The precoat layer is allowed to cool and solidify prior to being directed through a second extruder apparatus 54 that continuously applies a foamable polymer composition concentrically around the coated center conductor. Preferably, high-density polyethylene and low-density polyethylene are combined with nucleating agents in the extruder apparatus 54 to form the polymer melt. Upon leaving the extruder 54, the foamable polymer composition foams and expands to form a dielectric layer 14 around the center conductor 12.

In addition to the foamable polymer composition, an adhesive composition is preferably coextruded with the foamable polymer composition around the foam dielectric layer 14 to form adhesive layer 22. Extruder apparatus 54 continuously extrudes the adhesive composition concentrically around the polymer melt to form an adhesive coated core 56. Although coextrusion of the adhesive composition with the foamable polymer composition is preferred, other suitable methods such as spraying, immersion, or extrusion in a separate apparatus can also be used to apply the adhesive layer 22 to the dielectric layer 14 to form the adhesive coated core 56. Alternatively, the adhesive layer 22 can be provided on the inner surface of the outer conductor 18.

After leaving the extruder apparatus 54, the adhesive coated core 56 is preferably cooled and then collected on a suitable container, such as reel 58, prior to being advanced to the manufacturing process illustrated in FIG. 2B. Alternatively, the adhesive coated core 56 can be continuously advanced to the manufacturing process of FIG. 2B without being collected on a reel 58.

As illustrated in FIG. 2B, the adhesive coated core 56 can be drawn from reel 58 and further processed to form the coaxial cable 10. A narrow elongate strip S, preferably formed of aluminum, from a suitable supply source such as reel 60, is directed around the advancing core 56 and bent into a generally cylindrical form by guide rolls 62 so as to loosely encircle the core to form a tubular sheath 18. Opposing longitudinal edges of the strip S can then be moved into abutting relation and the strip advanced through a welding apparatus 64 that forms a longitudinal weld 20 by joining the abutting edges of the strip S to form an electrically and mechanically continuous sheath 18 loosely surrounding the core 56. Once the sheath 18 is longitudinally welded, the sheath can be formed into an oval configuration and weld flash scarfed from the sheath as set forth in U.S. Pat. No. 5,959,245. Alternatively, or after the scarfing process, the core 56 and surrounding sheath 18 advance directly through at least one sinking die 66 that sinks the sheath onto the core 56, thereby causing compression of the dielectric 14. A lubricant is preferably applied to the surface of the sheath 18 as it advances through the sinking die 66. An optional outer polymer jacket can then be extruded over the sheath 18. The thus produced cable 10 can then be collected on a suitable container, such as a reel 72 for storage and shipment.

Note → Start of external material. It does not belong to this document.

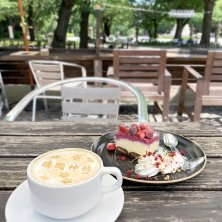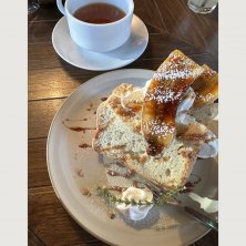 昔のお守りをお返しに 祖父の月命日に来れて良かった 天気も良いしテラスのあるカフェへ カフェラテ頼んだらものすごい作品が出てきた しかも飲み進めても崩れないし(^^;; カシスとバニラのティラミス ¥800 カフェラテ ¥720 セットで¥200引き 2023.06.04

In achieving the controlled bond strengths that provide the strippable properties to the precoat, it is preferable to preheat the inner conductor in preheater 51 to a surface temperature of 75° F. to 300° F. prior to application of the precoat so as to promote adhesion between the precoat layer and the surface of the center conductor 12. Preheat temperatures below this range may not sufficiently heat the center conductor, thus leaving moisture, oil or other contaminants on its surface. Such contamination can impede consistent adhesion at the conductor-precoat layer interface (A bond) and allow moisture migration along the surface of the inner conductor. Likewise, preheat temperatures above this range may also deter adhesion by degrading the precoat polymer in contact with the surface of the center conductor causing the precoat layer to bubble or otherwise lose its consistency.

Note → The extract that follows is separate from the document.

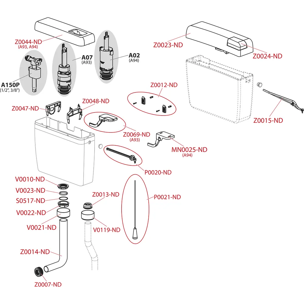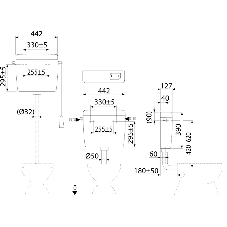 - Öblítő készlet alacsonyan elhelyezett tartályhoz (nyomógomb)

Between precoat and dielectric applications, it is also important to control reheating of the center conductor and precoat layer prior to application of the dielectric. If the coated conductor is reheated at all, reheating temperatures of less than 200° F. should be applied to promote a suitable B bond between these layers. Heating the precoat and conductor above this temperature prior to application of the dielectric layer may inhibit the adhesion of the two layers. Overheating at this stage of the process can degrade the dielectric layer in contact with the precoat by exposing the dielectric polymer to temperatures above its processing range. Such resulting degradation and/or voids in the dielectric layer can reduce the B bond strength and create paths for moisture migration between the precoat and dielectric layers.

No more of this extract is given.